Neuer Typus von Gefallenen Russland verliert vor allem "Wegwerf-Truppen"
17.06.2023, 10:38 Uhr Artikel anhören
Die Leiche eines russischen Soldaten vor einem zerstörten Panzer im neu befreiten Dorf Storozheve.
(Foto: REUTERS)
In den ersten Kriegsmonaten sterben auf Seite der russischen Armee vor allem reguläre Einheiten. Gut ein Jahr später werden diese offenbar weit hinter der Front versteckt. Eine Auswertung der Gefallenen zeigt, dass diese älter werden, häufig im Gefängnis saßen und bei Kriegsbeginn noch nicht im Dienst standen.
Für Russland sterben beim Angriff auf die Ukraine nach fast anderthalb Jahren Krieg vor allem Ex-Häftlinge und Reservisten, nicht länger Einheiten der regulären Armee. Dies legt eine Auswertung der bisherigen Gefallenen nahe, die BBC Russia und das unabhängige russische Medienunternehmen Mediazona durchgeführt haben. Demnach sind 2022 in den ersten drei Kriegsmonaten vor allem 21-jährige Vertragssoldaten in der Ukraine gefallen. Im Frühling und Sommer dieses Jahres habe sich das "Gesicht" des typischen toten russischen Kämpfers verändert: "Er ist jetzt ein 34-jähriger Ex-Häftling unbekannten Ranges", wird berichtet.
Journalisten von BBC Russia und Mediazona erfassen seit Kriegsbeginn zusammen mit Freiwilligen die Zahl der Gefallenen. Anders als andere Organisationen nehmen sie jedoch nur Kämpfer in ihre Datenbank auf, deren Tod eindeutig belegt werden kann - beispielsweise durch Beiträge von Angehörigen in sozialen Netzwerken.

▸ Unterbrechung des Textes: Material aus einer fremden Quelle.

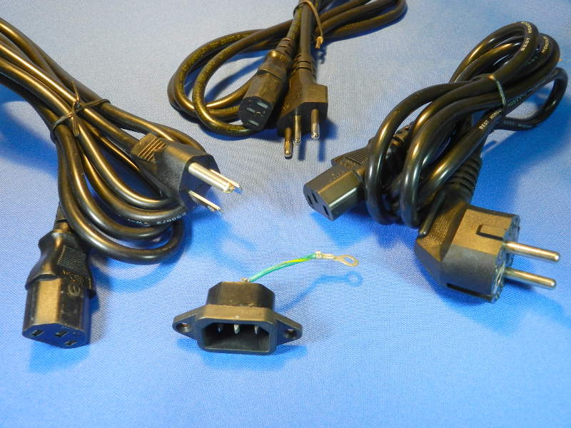 Figura 19 – Plugues intercambiáveis, de 3 padrões diferentes e mesma conexão de saída. A tomada C14 do centro da foto é a que vem montada nos aparelhos, e atende à norma IEC60320.
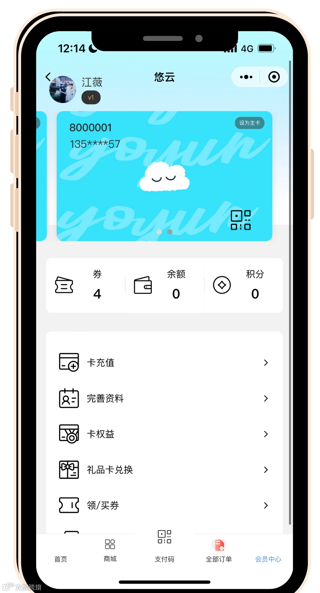 卡主页的设计也非常全面,长图文的形式将会员卡升级、储值、积分商城、社群、幸运大转盘等多种营销玩法都囊括在内,条理清晰便于顾客针对性查找自己所需服务。

Demnach sind bei der Invasion bislang mindestens 25.528 russische Kämpfer gefallen. BBC Russia und Mediazona weisen allerdings darauf hin, dass die Zahl der tatsächlichen Gefallenen aufgrund ihrer Erhebungsmethode deutlich höher liegt. So spricht die ukrainische Militärführung von mehr als 200.000 toten Russen. Das russische Verteidigungsministerium beziffert die Zahl der Verluste auf lediglich 5937 Soldaten.
"Wegwerf-Truppen"
Zuletzt konnte demnach der Tod von 1300 früheren Häftlingen nachgewiesen werden, die mutmaßlich für die Söldnertruppe Wagner rekrutiert wurden. Hinzu kommen 750 reguläre Söldner der Privatarmee und 780 russische Reservisten. Gleichzeitig starben 148 Offiziere und etwa 400 Gefreite sowie Feldwebel der regulären Armee. In den ersten Kriegsmonaten lag deren Todeszahl deutlich höher: Demnach wurden zu Beginn der Invasion fast 800 Offiziere sowie ungefähr 2300 Gefreite und Feldwebel von ukrainischen Truppen getötet.
Jack Watling, Experte des britischen Royal United Services Institute (RUSI), ordnet die Veränderung für die BBC wie folgt ein: Er nennt vor allem die früheren Häftlinge in Diensten von Wagner "Wegwerf-Truppen", die eingesetzt werden, um ukrainische Einheiten mürbe zu machen oder um Stellungen der ukrainischen Armee für russische Artillerieschläge zu identifizieren. "Sie werden mit der Erwartung in den Kampf geschickt, dass sie sterben", sagt Watling. Seine regulären Einheiten verstecke die russische Armee dagegen weit hinter der Front. Diese Truppen würden nur eingesetzt, "wenn die Bedingungen stimmen".
Zu beobachten war die neue Taktik vor allem im Monate andauernden Kampf um Bachmut. Die inzwischen beinahe vollständig zerstörte Stadt wurde wiederholt als Fleischwolf bezeichnet, in dem vor allem Wagner-Kämpfer schutzlos ukrainische Verteidigungspositionen angriffen. "Hier sieht man ganz besonders, dass das, was die Ukraine sagt, stimmt. Wagner-Kämpfer werden sinnlos ins Gefecht geschickt und fallen zu Hunderten", sagte Markus Reisner, Oberst des österreichischen Bundesheers, im Mai im Gespräch mit ntv.de.